[Records excerpted from a collection]
╭──

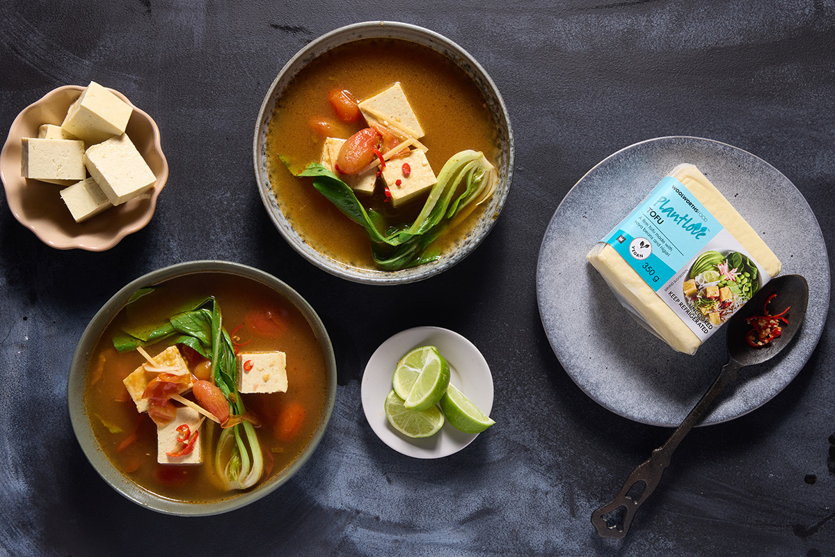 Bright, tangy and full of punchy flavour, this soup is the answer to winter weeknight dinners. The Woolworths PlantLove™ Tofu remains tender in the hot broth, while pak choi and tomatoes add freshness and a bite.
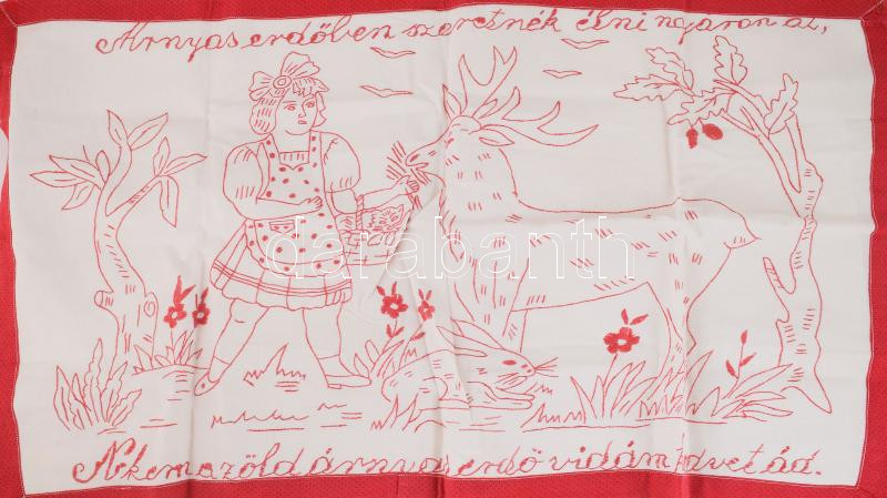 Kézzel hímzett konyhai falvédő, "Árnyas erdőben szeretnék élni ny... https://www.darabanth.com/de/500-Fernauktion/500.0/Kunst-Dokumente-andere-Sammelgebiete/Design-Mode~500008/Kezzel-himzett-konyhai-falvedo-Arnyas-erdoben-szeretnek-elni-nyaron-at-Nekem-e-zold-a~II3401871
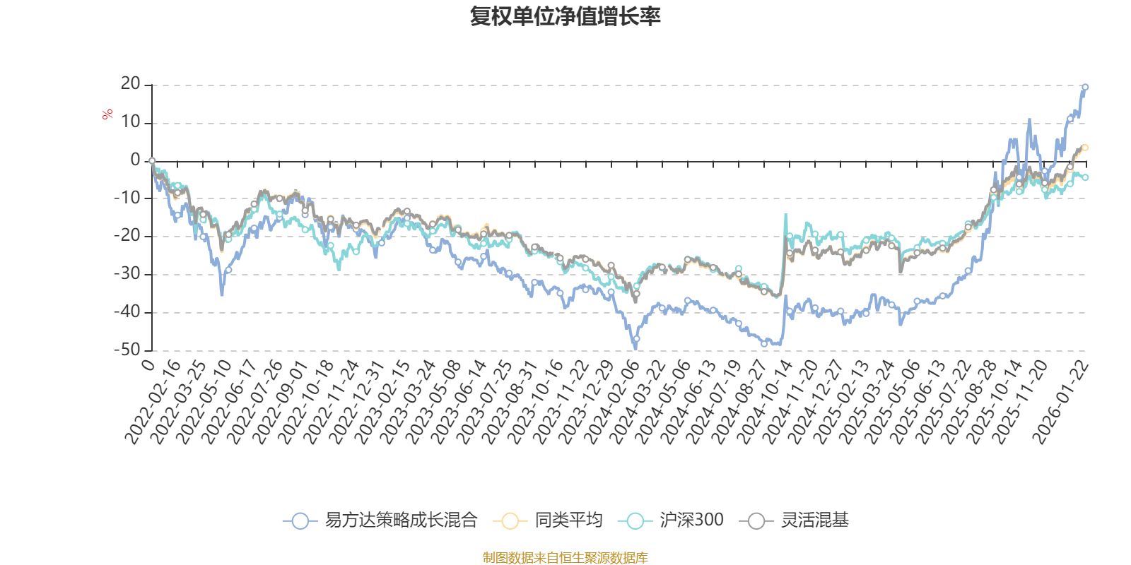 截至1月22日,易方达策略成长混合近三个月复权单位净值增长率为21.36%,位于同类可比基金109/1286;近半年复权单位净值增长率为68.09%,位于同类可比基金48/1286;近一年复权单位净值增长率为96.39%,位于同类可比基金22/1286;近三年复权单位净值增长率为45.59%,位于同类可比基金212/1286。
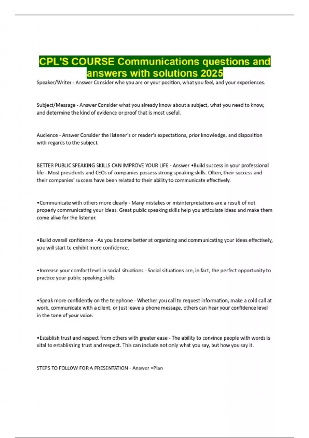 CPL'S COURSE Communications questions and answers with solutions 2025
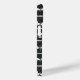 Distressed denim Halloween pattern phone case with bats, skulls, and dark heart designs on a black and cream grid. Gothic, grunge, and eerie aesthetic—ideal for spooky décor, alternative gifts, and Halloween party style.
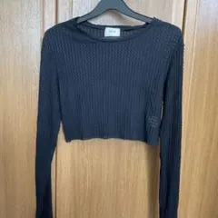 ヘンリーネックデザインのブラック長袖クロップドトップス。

╰──

• **EXERCISE AIM**:
Output the data above in full and exactly, with every image left out.

• **RESPONSE TO THE EXERCISE**:
 Bright, tangy and full of punchy flavour, this soup is the answer to winter weeknight dinners. The Woolworths PlantLove™ Tofu remains tender in the hot broth, while pak choi and tomatoes add freshness and a bite.
 Kézzel hímzett konyhai falvédő, "Árnyas erdőben szeretnék élni ny... https://www.darabanth.com/de/500-Fernauktion/500.0/Kunst-Dokumente-andere-Sammelgebiete/Design-Mode~500008/Kezzel-himzett-konyhai-falvedo-Arnyas-erdoben-szeretnek-elni-nyaron-at-Nekem-e-zold-a~II3401871
 截至1月22日,易方达策略成长混合近三个月复权单位净值增长率为21.36%,位于同类可比基金109/1286;近半年复权单位净值增长率为68.09%,位于同类可比基金48/1286;近一年复权单位净值增长率为96.39%,位于同类可比基金22/1286;近三年复权单位净值增长率为45.59%,位于同类可比基金212/1286。
 CPL'S COURSE Communications questions and answers with solutions 2025
 Distressed denim Halloween pattern phone case with bats, skulls, and dark heart designs on a black and cream grid. Gothic, grunge, and eerie aesthetic—ideal for spooky décor, alternative gifts, and Halloween party style.
 ヘンリーネックデザインのブラック長袖クロップドトップス。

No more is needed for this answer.